● Work to complete
Each entry is to be reproduced verbatim, and images are to be omitted.

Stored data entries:

+++

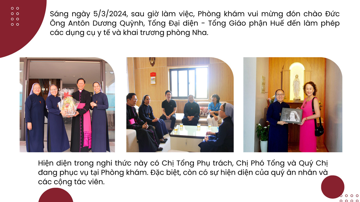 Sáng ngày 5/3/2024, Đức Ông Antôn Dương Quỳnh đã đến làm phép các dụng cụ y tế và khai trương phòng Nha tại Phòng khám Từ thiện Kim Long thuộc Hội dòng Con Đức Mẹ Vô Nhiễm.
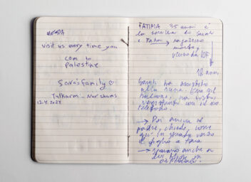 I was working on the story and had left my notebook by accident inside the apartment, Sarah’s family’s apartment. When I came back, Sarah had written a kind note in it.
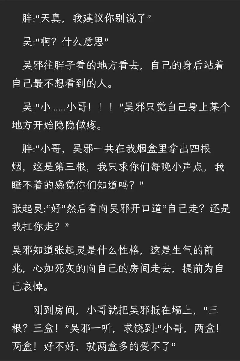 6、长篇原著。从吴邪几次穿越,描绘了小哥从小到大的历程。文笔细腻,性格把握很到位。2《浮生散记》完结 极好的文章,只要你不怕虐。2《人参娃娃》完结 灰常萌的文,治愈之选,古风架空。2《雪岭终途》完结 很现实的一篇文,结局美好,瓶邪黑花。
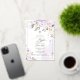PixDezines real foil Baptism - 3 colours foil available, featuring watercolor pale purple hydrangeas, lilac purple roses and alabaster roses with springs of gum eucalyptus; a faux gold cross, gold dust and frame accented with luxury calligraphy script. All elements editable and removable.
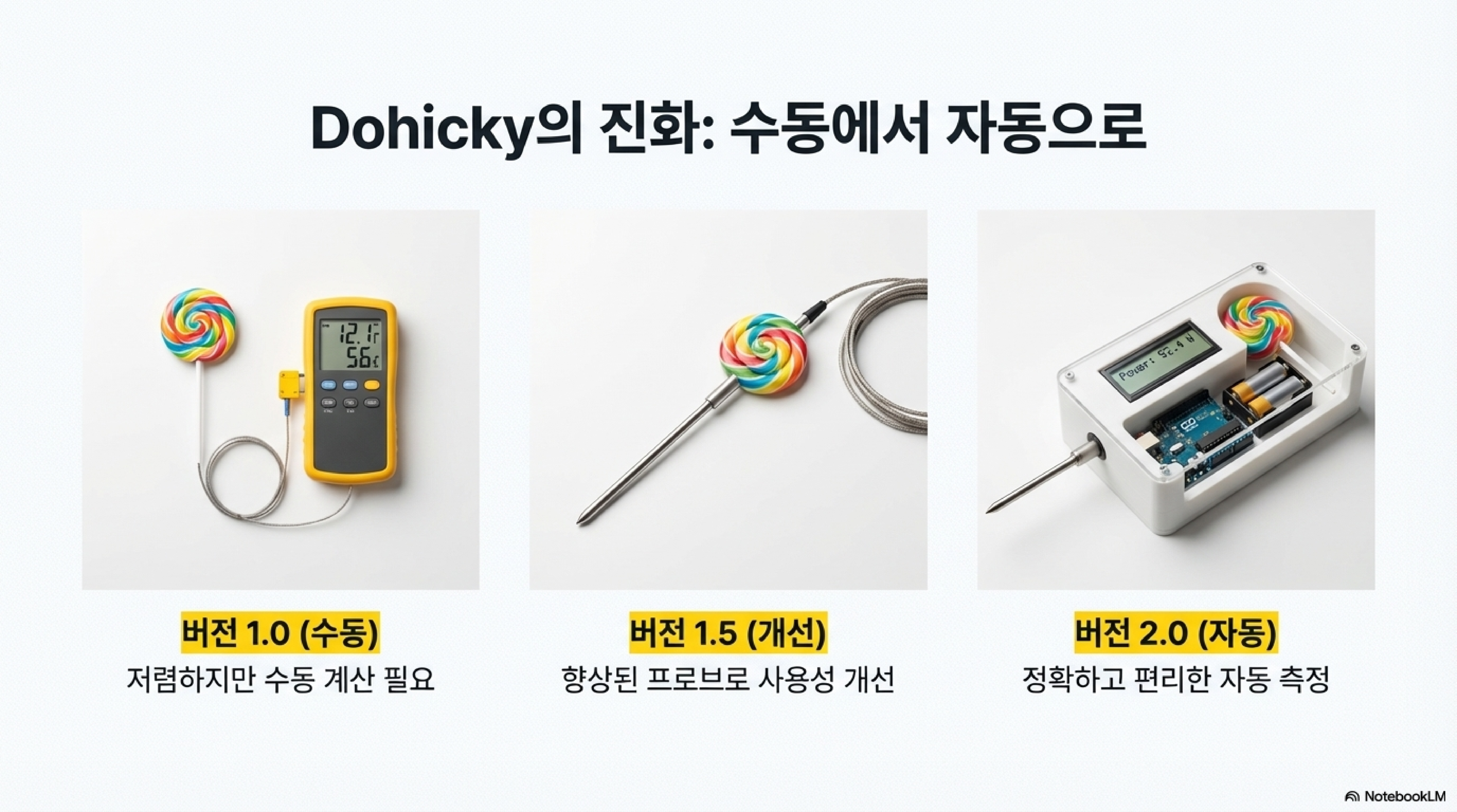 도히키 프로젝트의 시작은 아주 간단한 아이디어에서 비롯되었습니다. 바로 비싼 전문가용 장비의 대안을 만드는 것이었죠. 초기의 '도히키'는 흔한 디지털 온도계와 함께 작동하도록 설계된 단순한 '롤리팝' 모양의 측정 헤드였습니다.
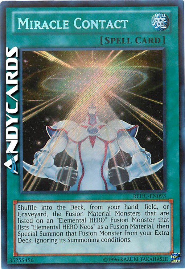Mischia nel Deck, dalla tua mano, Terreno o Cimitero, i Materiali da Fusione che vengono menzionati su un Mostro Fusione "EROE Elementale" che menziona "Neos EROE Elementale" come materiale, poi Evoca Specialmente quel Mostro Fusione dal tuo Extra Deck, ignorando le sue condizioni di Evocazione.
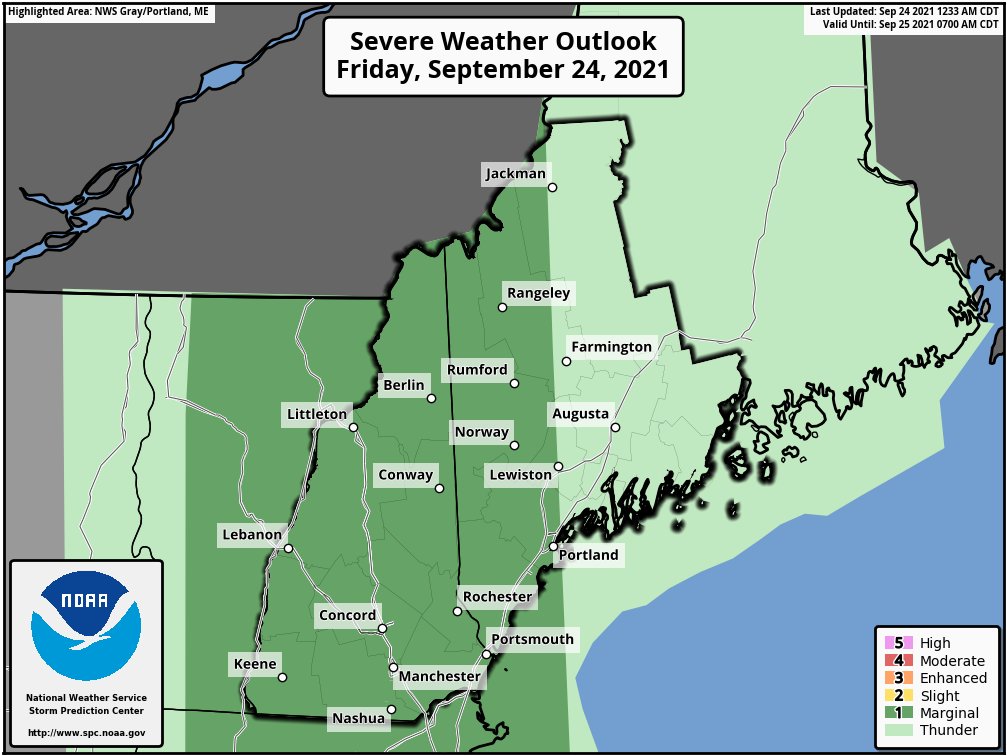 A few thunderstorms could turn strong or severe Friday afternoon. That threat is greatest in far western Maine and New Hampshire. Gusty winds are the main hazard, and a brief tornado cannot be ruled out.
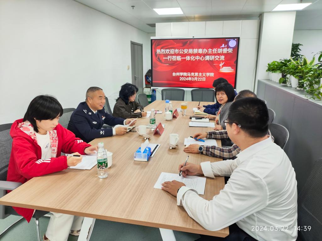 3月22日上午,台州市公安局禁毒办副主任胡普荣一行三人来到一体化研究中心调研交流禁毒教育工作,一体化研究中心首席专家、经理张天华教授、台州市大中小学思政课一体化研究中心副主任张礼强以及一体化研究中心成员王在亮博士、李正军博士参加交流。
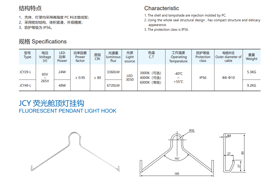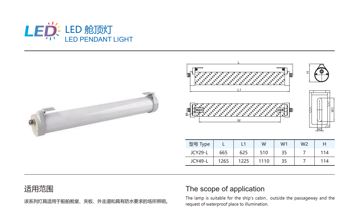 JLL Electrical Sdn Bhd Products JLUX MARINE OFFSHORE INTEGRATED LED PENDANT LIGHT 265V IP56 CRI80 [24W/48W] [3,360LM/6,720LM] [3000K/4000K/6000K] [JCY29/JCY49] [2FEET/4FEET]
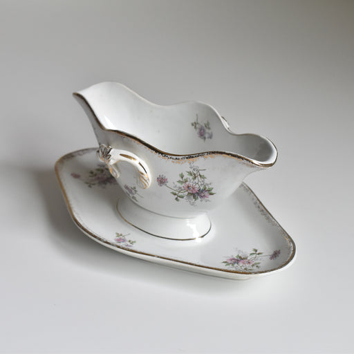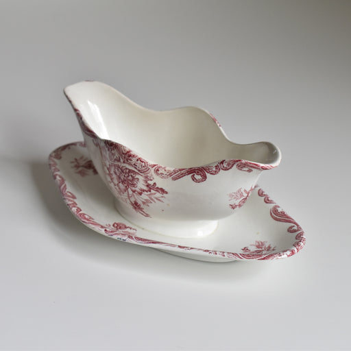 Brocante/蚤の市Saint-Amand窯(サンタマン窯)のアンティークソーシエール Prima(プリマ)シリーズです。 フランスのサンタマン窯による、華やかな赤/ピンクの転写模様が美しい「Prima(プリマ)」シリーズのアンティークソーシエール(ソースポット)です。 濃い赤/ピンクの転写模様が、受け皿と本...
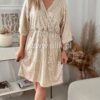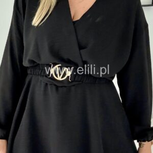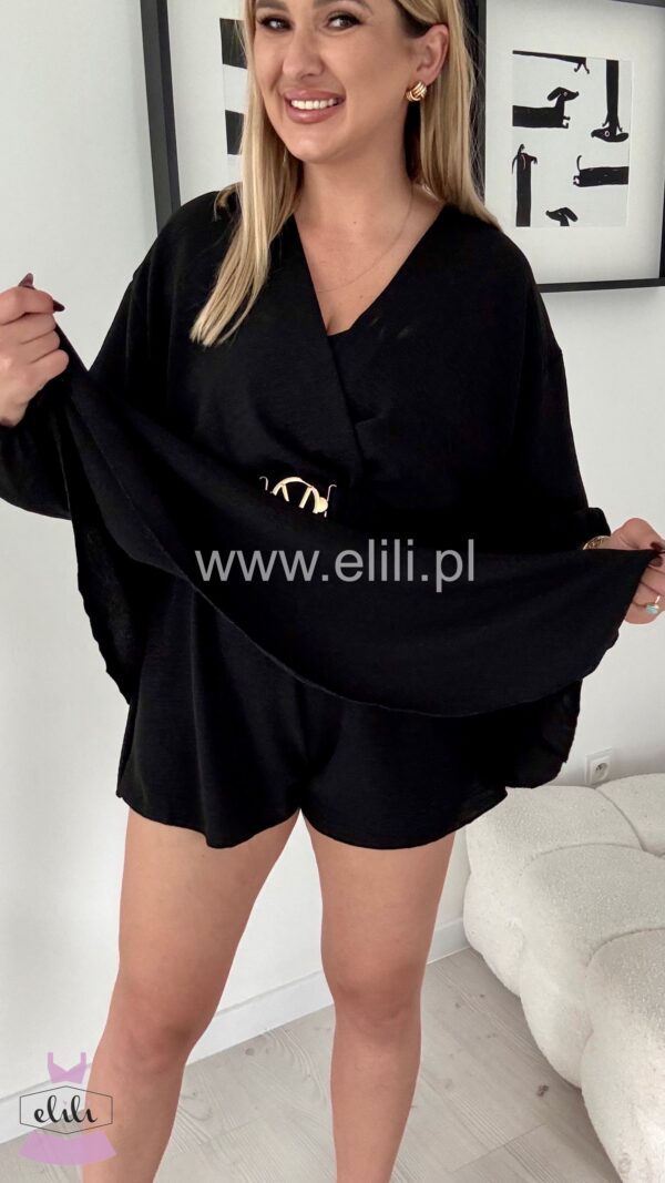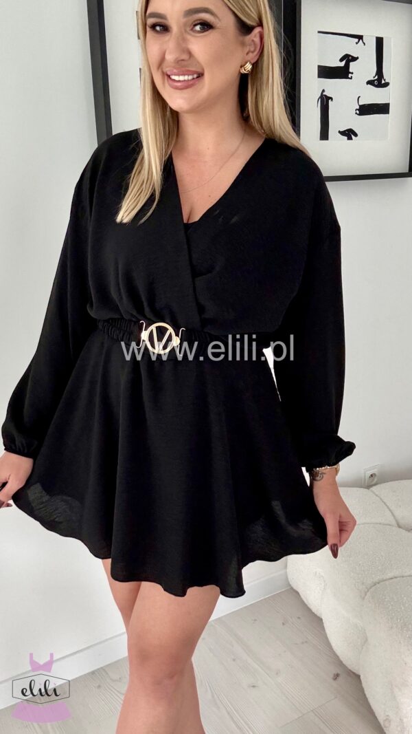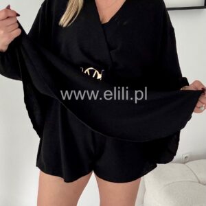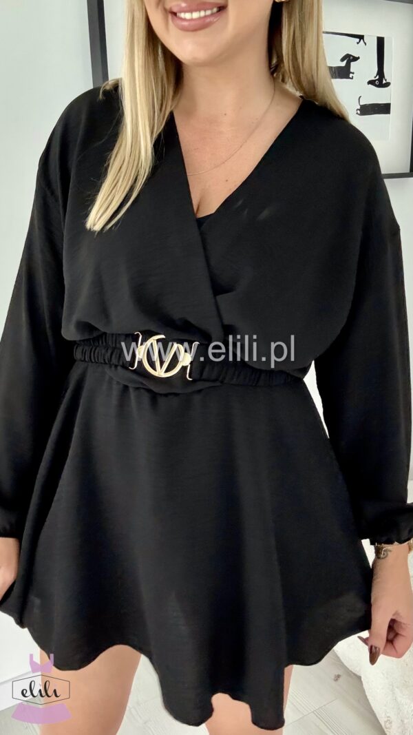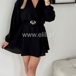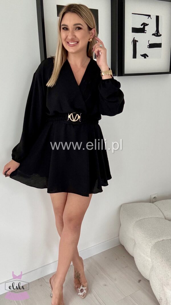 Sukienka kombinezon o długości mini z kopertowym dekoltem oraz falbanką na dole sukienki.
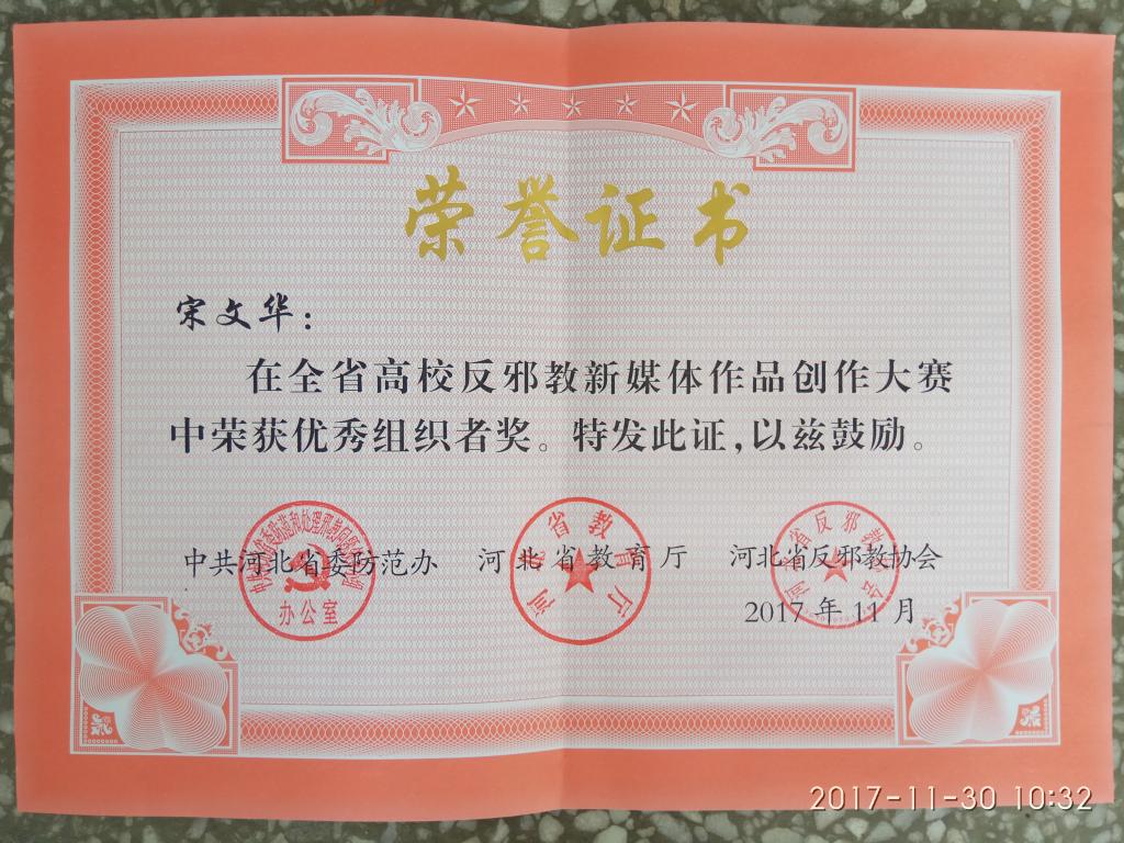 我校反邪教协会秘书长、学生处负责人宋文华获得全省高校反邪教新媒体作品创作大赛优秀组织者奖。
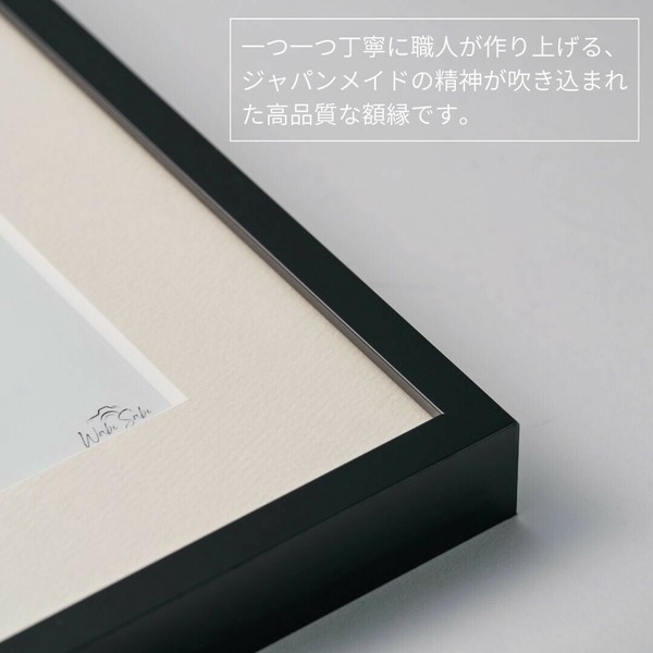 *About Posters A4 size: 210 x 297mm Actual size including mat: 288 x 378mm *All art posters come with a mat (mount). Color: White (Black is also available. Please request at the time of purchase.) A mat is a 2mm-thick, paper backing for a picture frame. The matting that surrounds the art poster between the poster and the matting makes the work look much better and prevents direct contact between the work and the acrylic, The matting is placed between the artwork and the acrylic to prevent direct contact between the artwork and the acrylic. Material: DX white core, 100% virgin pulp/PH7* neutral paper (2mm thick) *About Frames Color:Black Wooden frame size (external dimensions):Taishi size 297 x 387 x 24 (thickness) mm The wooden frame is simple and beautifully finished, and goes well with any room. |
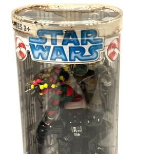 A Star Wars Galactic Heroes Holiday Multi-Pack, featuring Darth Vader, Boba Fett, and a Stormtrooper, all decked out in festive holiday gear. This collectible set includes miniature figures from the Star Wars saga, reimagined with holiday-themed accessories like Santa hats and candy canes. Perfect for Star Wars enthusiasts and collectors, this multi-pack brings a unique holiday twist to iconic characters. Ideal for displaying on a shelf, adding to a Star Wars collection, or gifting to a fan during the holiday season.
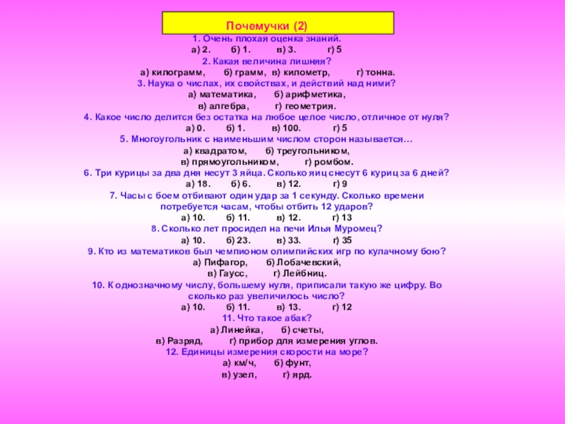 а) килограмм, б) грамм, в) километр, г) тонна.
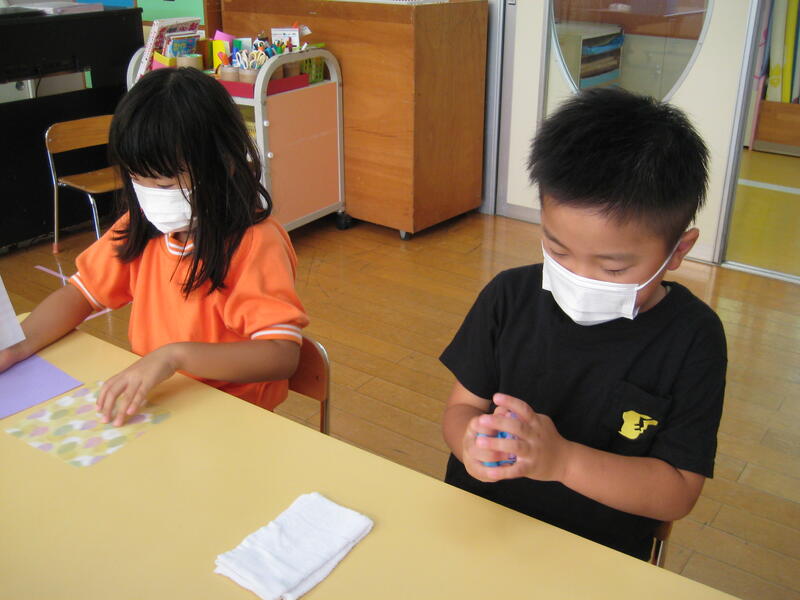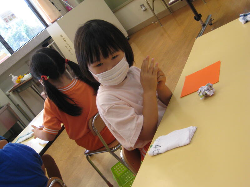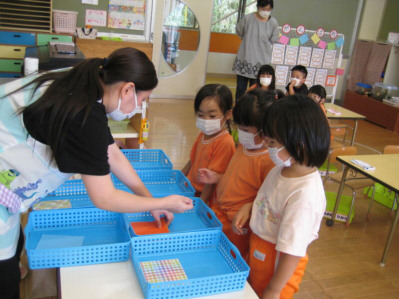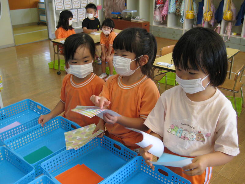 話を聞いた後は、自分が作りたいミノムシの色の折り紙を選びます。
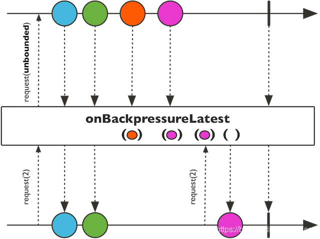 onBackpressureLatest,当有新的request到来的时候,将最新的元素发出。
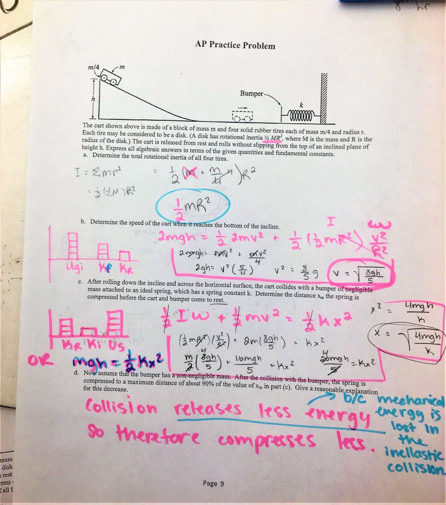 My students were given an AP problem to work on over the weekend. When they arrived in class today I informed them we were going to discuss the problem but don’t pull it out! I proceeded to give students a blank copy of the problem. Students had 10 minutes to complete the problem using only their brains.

+++

● Reply to the exercise
 Sáng ngày 5/3/2024, Đức Ông Antôn Dương Quỳnh đã đến làm phép các dụng cụ y tế và khai trương phòng Nha tại Phòng khám Từ thiện Kim Long thuộc Hội dòng Con Đức Mẹ Vô Nhiễm.
 I was working on the story and had left my notebook by accident inside the apartment, Sarah’s family’s apartment. When I came back, Sarah had written a kind note in it.
 6、长篇原著。从吴邪几次穿越,描绘了小哥从小到大的历程。文笔细腻,性格把握很到位。2《浮生散记》完结 极好的文章,只要你不怕虐。2《人参娃娃》完结 灰常萌的文,治愈之选,古风架空。2《雪岭终途》完结 很现实的一篇文,结局美好,瓶邪黑花。
PixDezines real foil Baptism - 3 colours foil available, featuring watercolor pale purple hydrangeas, lilac purple roses and alabaster roses with springs of gum eucalyptus; a faux gold cross, gold dust and frame accented with luxury calligraphy script. All elements editable and removable.
 도히키 프로젝트의 시작은 아주 간단한 아이디어에서 비롯되었습니다. 바로 비싼 전문가용 장비의 대안을 만드는 것이었죠. 초기의 '도히키'는 흔한 디지털 온도계와 함께 작동하도록 설계된 단순한 '롤리팝' 모양의 측정 헤드였습니다.
Mischia nel Deck, dalla tua mano, Terreno o Cimitero, i Materiali da Fusione che vengono menzionati su un Mostro Fusione "EROE Elementale" che menziona "Neos EROE Elementale" come materiale, poi Evoca Specialmente quel Mostro Fusione dal tuo Extra Deck, ignorando le sue condizioni di Evocazione.
 A few thunderstorms could turn strong or severe Friday afternoon. That threat is greatest in far western Maine and New Hampshire. Gusty winds are the main hazard, and a brief tornado cannot be ruled out.
 3月22日上午,台州市公安局禁毒办副主任胡普荣一行三人来到一体化研究中心调研交流禁毒教育工作,一体化研究中心首席专家、经理张天华教授、台州市大中小学思政课一体化研究中心副主任张礼强以及一体化研究中心成员王在亮博士、李正军博士参加交流。
 JLL Electrical Sdn Bhd Products JLUX MARINE OFFSHORE INTEGRATED LED PENDANT LIGHT 265V IP56 CRI80 [24W/48W] [3,360LM/6,720LM] [3000K/4000K/6000K] [JCY29/JCY49] [2FEET/4FEET]
 Brocante/蚤の市Saint-Amand窯(サンタマン窯)のアンティークソーシエール Prima(プリマ)シリーズです。 フランスのサンタマン窯による、華やかな赤/ピンクの転写模様が美しい「Prima(プリマ)」シリーズのアンティークソーシエール(ソースポット)です。 濃い赤/ピンクの転写模様が、受け皿と本...
 Sukienka kombinezon o długości mini z kopertowym dekoltem oraz falbanką na dole sukienki.
 我校反邪教协会秘书长、学生处负责人宋文华获得全省高校反邪教新媒体作品创作大赛优秀组织者奖。
 *About Posters A4 size: 210 x 297mm Actual size including mat: 288 x 378mm *All art posters come with a mat (mount). Color: White (Black is also available. Please request at the time of purchase.) A mat is a 2mm-thick, paper backing for a picture frame. The matting that surrounds the art poster between the poster and the matting makes the work look much better and prevents direct contact between the work and the acrylic, The matting is placed between the artwork and the acrylic to prevent direct contact between the artwork and the acrylic. Material: DX white core, 100% virgin pulp/PH7* neutral paper (2mm thick) *About Frames Color:Black Wooden frame size (external dimensions):Taishi size 297 x 387 x 24 (thickness) mm The wooden frame is simple and beautifully finished, and goes well with any room. |
 A Star Wars Galactic Heroes Holiday Multi-Pack, featuring Darth Vader, Boba Fett, and a Stormtrooper, all decked out in festive holiday gear. This collectible set includes miniature figures from the Star Wars saga, reimagined with holiday-themed accessories like Santa hats and candy canes. Perfect for Star Wars enthusiasts and collectors, this multi-pack brings a unique holiday twist to iconic characters. Ideal for displaying on a shelf, adding to a Star Wars collection, or gifting to a fan during the holiday season.
 а) килограмм, б) грамм, в) километр, г) тонна.
 話を聞いた後は、自分が作りたいミノムシの色の折り紙を選びます。
 onBackpressureLatest,当有新的request到来的时候,将最新的元素发出。
 My students were given an AP problem to work on over the weekend. When they arrived in class today I informed them we were going to discuss the problem but don’t pull it out! I proceeded to give students a blank copy of the problem. Students had 10 minutes to complete the problem using only their brains.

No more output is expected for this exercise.